说曹操,曹操便到。正这时,闫慎的声音忽然响起,他从外头走了进来,略有些犀利的视线一下子落在了正凑在一起的钱弄墨和荆少语的身上,微微蹙起眉。
这两人之间的距离着实是近了些。
钱弄墨下意识便往后退了两步,以示避嫌……无他,闫公子那犀利的眼神简直和她爹钱老爷一个模样!
这是来自长辈的凝视啊!能不心虚么!
“闫公子。”钱弄墨冲他笑了笑,不自觉便带了些讨饶和心虚的味道。
荆少语见闫慎一踏进大堂钱弄墨就忙不迭地同他拉开了距离以示避嫌,心里一下子凉了半分,这会儿更是气不打一处来。
“马车已经套好了,我们早一些出发吧,听说花市人很多,回头若是去晚了,只怕马车都进不去。
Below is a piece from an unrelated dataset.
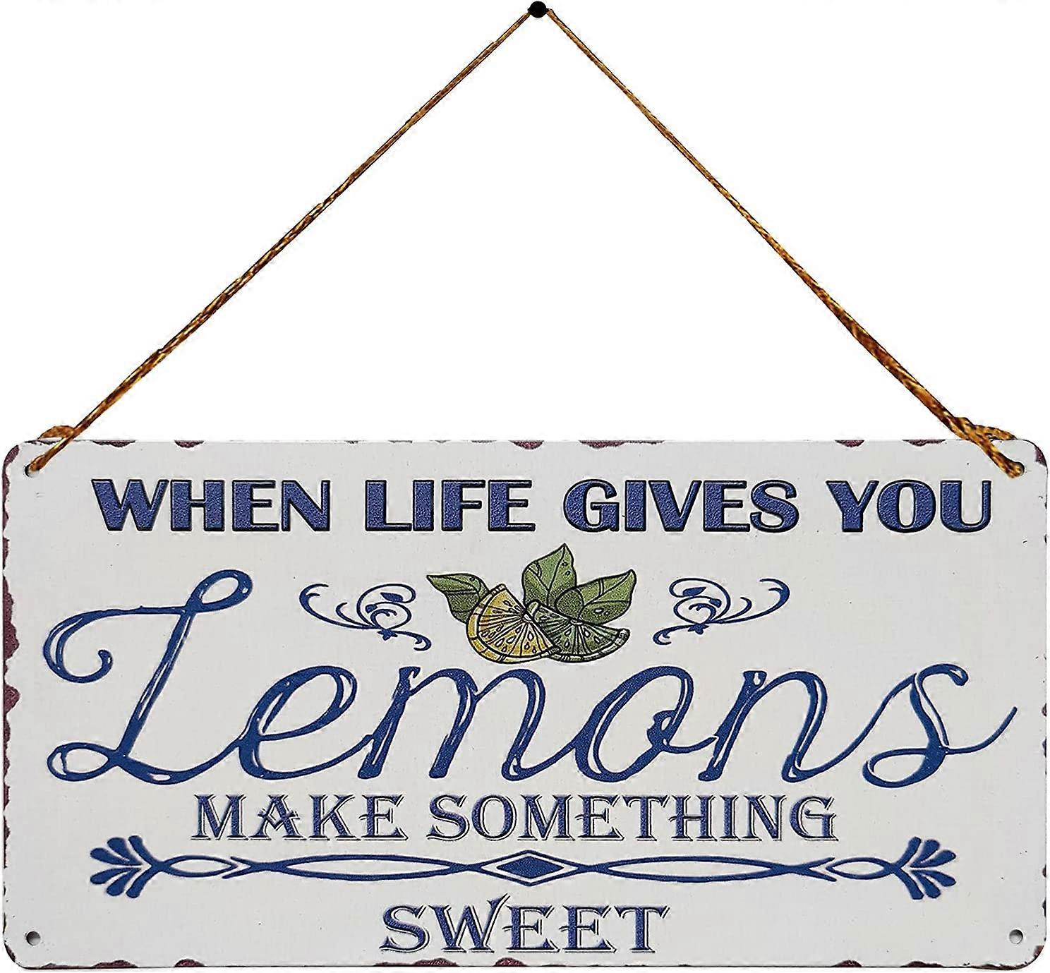 When Life Gives You Lemons Make Something Sweet Vintage Metal Signs Wall Art Hanging Farmhouse Decor for Home Bar Coffee Kitchen Wall 5X10Inch

”闫慎看着钱弄墨,神色温和地道。
钱弄墨一下子想起来昨天钱老爷说今日会让闫公子陪着他们一家人去花市,闫公子所言非虚,这一年两次的花市在凤来镇人气极高,现场简直人山人海,不赶个早马车根本进不去。
“那便劳烦闫公子了。”钱弄墨颇有些拘谨地道,心里还是对钱老爷这样随意差遣闫公子的行为颇有些胆颤心惊……毕竟是京城来的钦差大人呢!
怎么能这么随意差遣啊!
“你同我不必如此见外的。”闫慎看着她,温声道。
好……好吧,连说辞都和钱老爷差不多,那便也只能不见外了……
不然还能怎么办呢?
“这位是?”荆少语忍无可忍地打断了俩人旁若无人的对话,他只觉得一股子酸气直窜脑门,当然要见外,同闫慎这个外人为何要不见外啊!
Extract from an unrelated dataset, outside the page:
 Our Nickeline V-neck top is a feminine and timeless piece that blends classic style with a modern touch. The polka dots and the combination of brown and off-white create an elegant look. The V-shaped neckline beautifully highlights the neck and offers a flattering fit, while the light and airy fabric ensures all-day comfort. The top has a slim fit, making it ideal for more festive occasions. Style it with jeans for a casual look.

他可是钱家未过门的女婿呢!大家都要摆正自己的位置才行啊!
“这位是闫公子,就是上回救了我的那个闫公子。”钱弄墨想起还未曾为两人正式做过介绍,忙道,说着,还悄悄对荆少语眨了眨眼,示意他这位就是钦差大人,要恭敬一些。
“闫公子,久仰大名。”荆少语皮笑肉不笑地抱了抱拳。
“荆公子。”闫慎浅浅一笑,矜持有礼地拱了拱手,“钱姑娘同我说起过你,当真是百闻不如一见。”
荆少语略有些心塞,钱弄墨竟然还同闫慎说起过他?说了什么?他们私下里已经这么熟了吗?……不对,闫慎这只疯犬为什么还赖在钱家?不是已经查明钱家与盗铸案无关了吗?他留在钱家到底在图谋什么?荆少语看着闫慎的眼神顿时警惕起来。
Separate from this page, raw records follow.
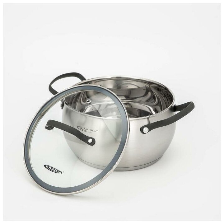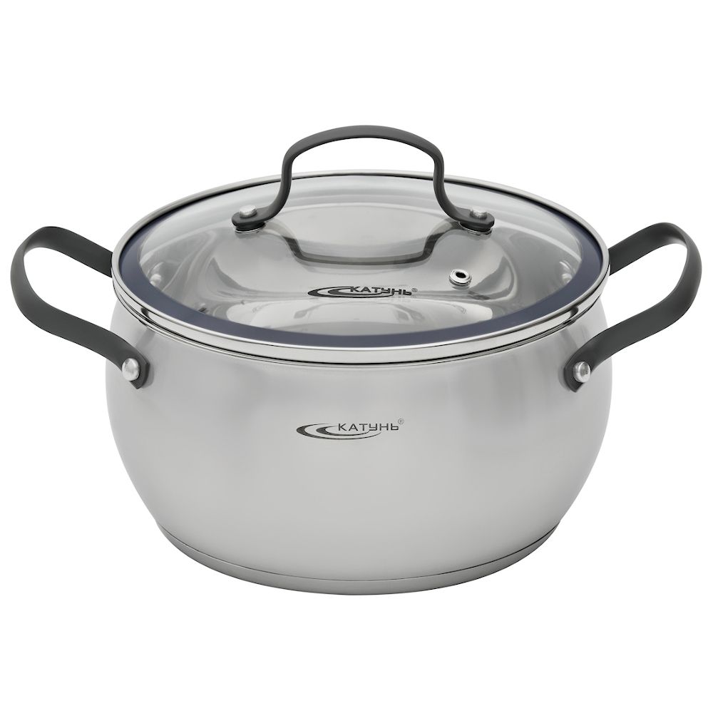 Кастрюля КАТУНЬ Агата КТ 19 D 20 с крышкой 3,2л изготовлена из нержавеющей стали с теплораспределительным дном.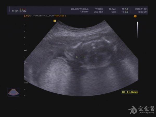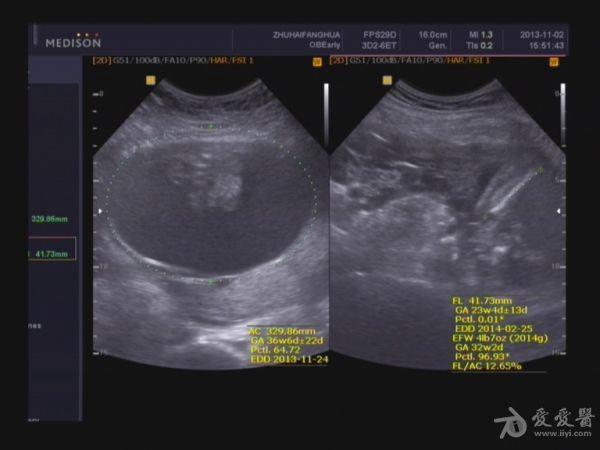 本帖最后由 jlslst 于 2013-11-2 21:06 编辑 女 25岁,中期孕胎儿产前超声筛查,超声所见:BPD:53mm(22w+1d), H C:212mm(23w+2d),A C:329mm, F L:38mm(23w+0d),HUM:不清,AFD:14mm,AFI:38mm,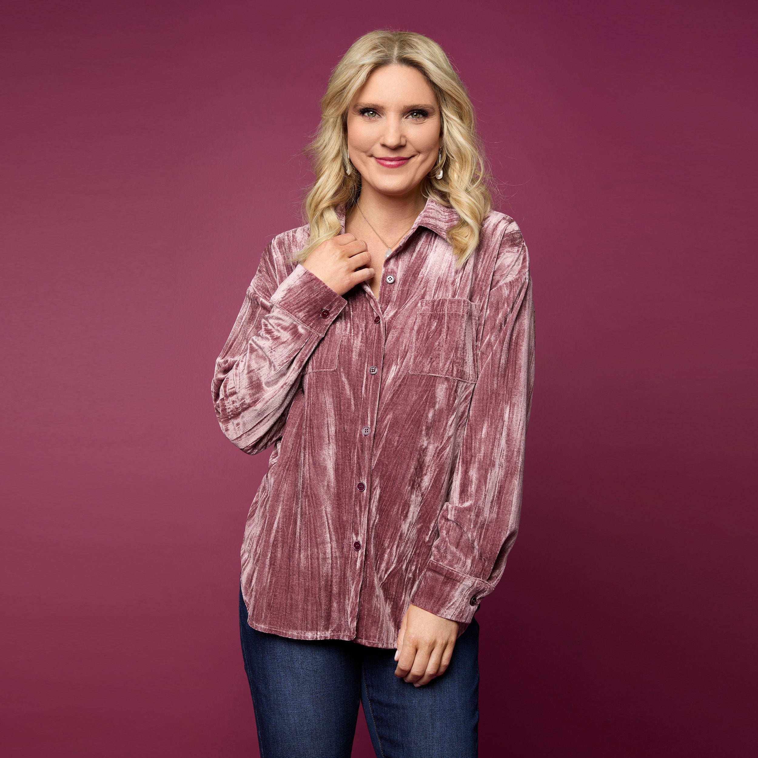 Get ready to slay in the fashion game with our Avyanna Crinkle Velour Button Front Top. Perfect for those cool fall days when you want to look effortlessly stylish.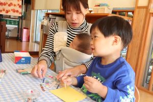 5月から取り組んでいるサントレを見ていただき、そのあとは一緒に製作を楽しみました♪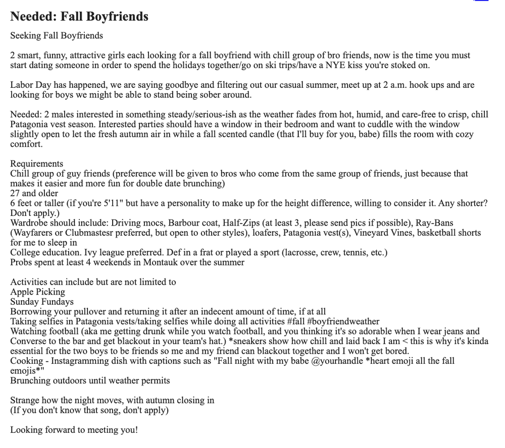 Summer flings are fun, but as soon as the leaves turn, it's time to find someone or face a long, cold, lonely winter. To poke fun at this shift in dating priorities,, my friend Mel and I posted a satirical Craigslist ad on Labor Day weekend seeking “Fall Boyfriends.” By Monday, the ad had gone full-on viral.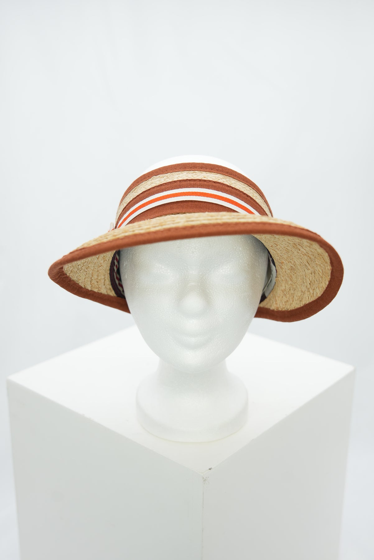 Dieses Strohschild in zwei harmonischen Farben vereint natürliche Materialität mit moderner Klarheit. Die feine Körnung des Strohmaterials wird durch einen kontrastierenden Farbstreifen betont, der dem Schild eine klare Silhouette und eine frische, sommerliche Ausstrahlung verleiht. Die zweifarbige Gestaltung schafft visuelle Tiefe, ohne zu überladen zu wirken, und passt zu vielen Outfits – vom leichten Leinenanzug bis zur entspannten Jeans.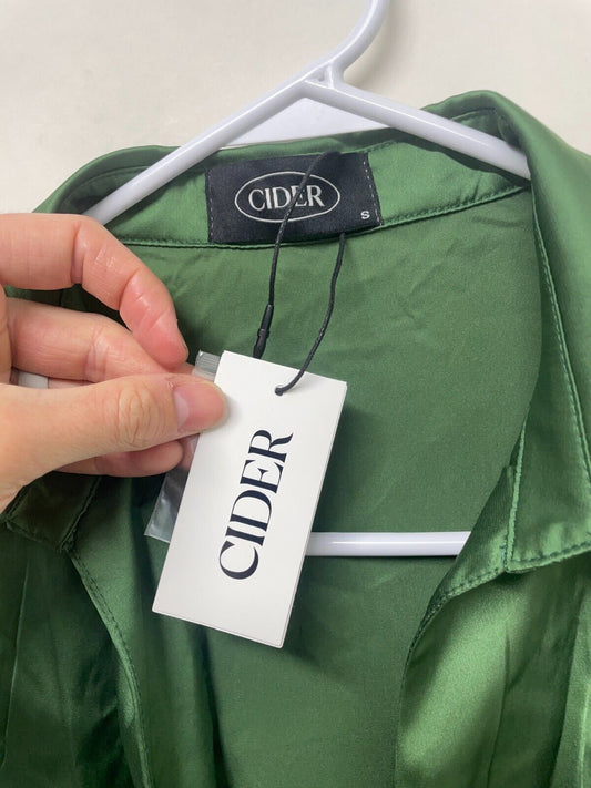 Cider Women's S Dirty Martini Long Sleeve Mini Dress Green Satin Collared NWT

站在一旁的钱弄墨看了看荆少语,又看了看闫慎,不知道是不是错觉,总觉得这两个人之间的气氛怪怪的呢。
正这时,钱老爷等得不耐烦,来寻他们了。
“墨儿,慎儿,你们磨蹭什么呢。”钱老爷一进来就道。
一句亲昵的“墨儿”和“慎儿”,独独把荆少语排除在外了。
“是,这就来。”闫慎好脾气地应了一声,说着,侧头看向面色微僵的荆少语,“荆公子,我们准备要出门了,您看?”
这话说得,若荆少语识相,便该自动自觉地提出告辞了,但荆少语是会识相之人吗?显然不是的……于是他轻咳一声,压根没去理会闫慎,而是甚是乖巧地对钱老爷拱手唤了一声,“钱伯伯。”
钱老爷板着脸点了点头,应了一声,“嗯。”
“钱伯伯,你们这是要去哪儿啊?”荆少语又笑着问了一句。
“去花市,花市人多,我们得早些过去。”钱老爷皮笑肉不笑地道,这话就差没直接让他赶紧滚别碍事了。
荆少语觉得钱老爷这态度似乎……有点奇怪啊。
分明上回还担心他孤身一人在外受了委屈惊吓,连夜给他送银票来了呢,他这是有哪里得罪了钱老爷吗?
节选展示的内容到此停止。